Since the employee always has the manual with them when on the job, he/she can just refer to it for the less-common situations rather than give false information from their memory or just an "I don't know". But why don't they do that?
If you were indeed not given one, then that would have been a much better answer than "Because I was too busy to provide proper customer service", which is what your reply amounted to.

The manual is 150 pages or so long, and it is not exciting reading. Most of it's recommendations fall squarely in the "duh" category. I confess, that makes the few surprising ones easier to remember. But plowing through 150 pages of legaleze to get to them is not easy.
If it were easy, they wouldn't have to pay you. That's why they call it "work".
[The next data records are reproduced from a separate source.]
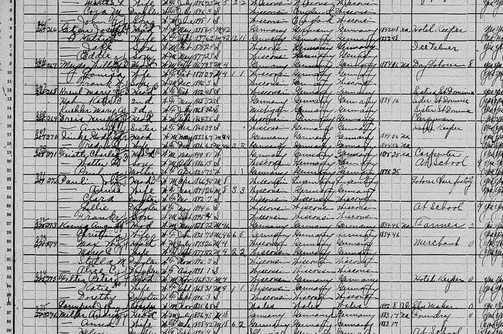 | Feltes | Peter | Head | W | M | Nov | 1868 | 31 | M | 4 | Wisconsin | Germany | Germany | Hotel Keeper unemployed 0 months, can read, can write, can speak English, owns mortgaged home. | ||||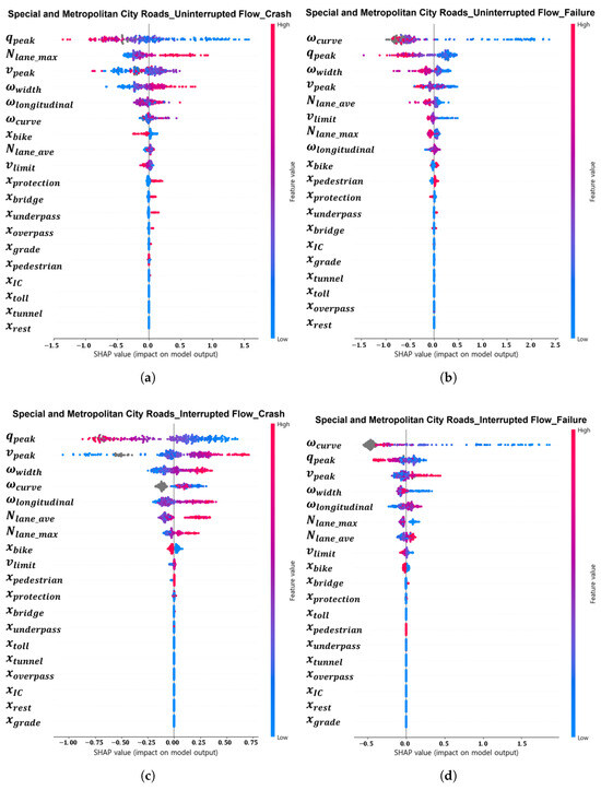 SHAP value analysis of XGBoost model by flow condition and dependent variable for special and metropolitan city roads: (a) uninterrupted flow—HDV crashes; (b) uninterrupted flow—AV failures; (c) interrupted flow—HDV crashes; (d) interrupted flow—AV failures.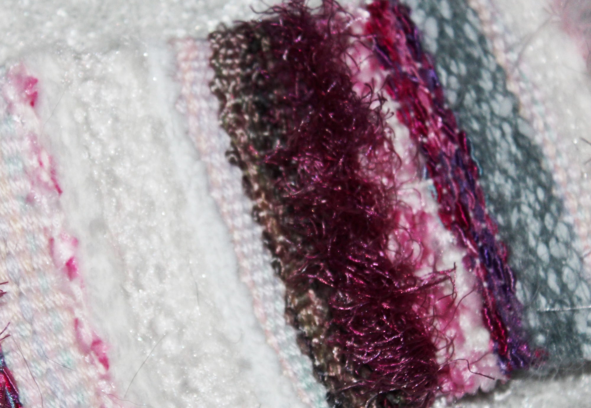 Fiber Art Creations using repurposed fiber & jewelry, found treasures from a non profit that supports the developmentally & intellectually challenged, to create a new mini tapestry wall hanging. Support a cause with your purchase of Artwork created in the USA.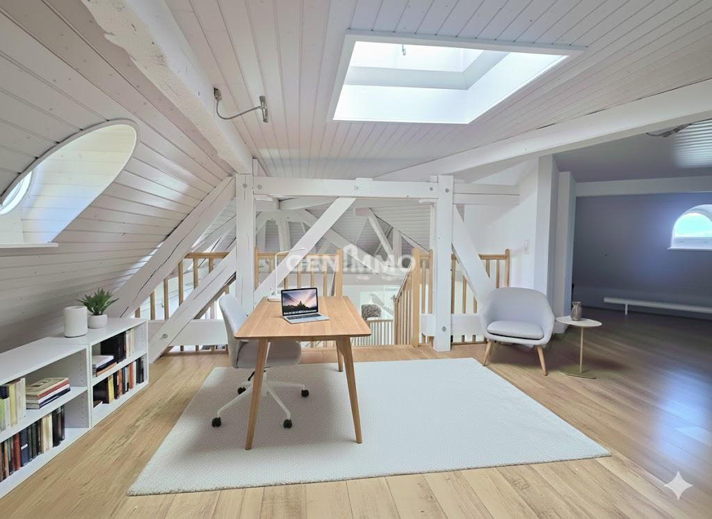 Duplex en attique lumineux et rénové avec cachetAu c?ur d'une petite copropriété de 9 lots construite en 2003, ce duplex en attique entièrement rénové en 2022 séduit par son alliance réussie entre modernité et confort.Dès l'entrée au 1er étage, vous découvrez un vaste espace de vie baigné de lumière, agrémenté d'un poêle à pellets qui crée une atmosphère chaleureuse et conviviale....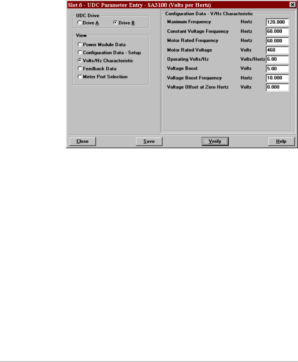 The V/Hz Characteristic parameter screen allows you to enter specific information
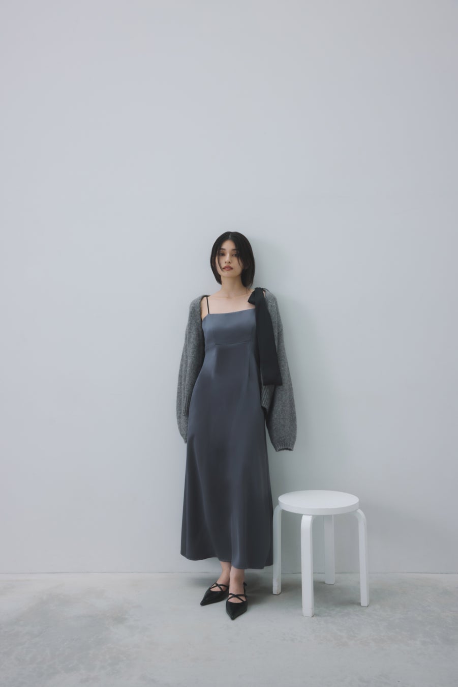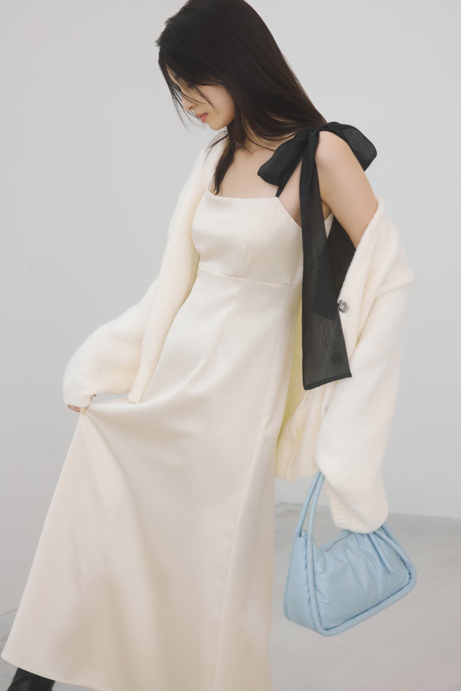 スッキリとしたナローフレアシルエットのキャミワンピースは、身体のラインを拾いにくいしっかりとしたサテン地。大きなリボンが目を惹く

Yes, I have read the manual, and I was (and still am) "familiar" with it. Though I would venture to say that few of my fellow Attendants (we still called ourselves "porters," in the vernacular) were. But familiarity and memorization are not the same.
That's fine, since nobody is calling for memorizing the entire document.
No one, on this post or in life, condones making up policy. But sometimes you think you know the answer, so you give it. And then, that night, when the last passenger is in bed, and you have a couple of hours before your 4a wake-up to get someone off in Cleveland, instead of lying down, you look up the issue in the manual. And you discover you got it wrong. As Governor Perry would say, "Oops."
Thanks for clearing that up. Perhaps if that had been your initial reply, it could have ended there.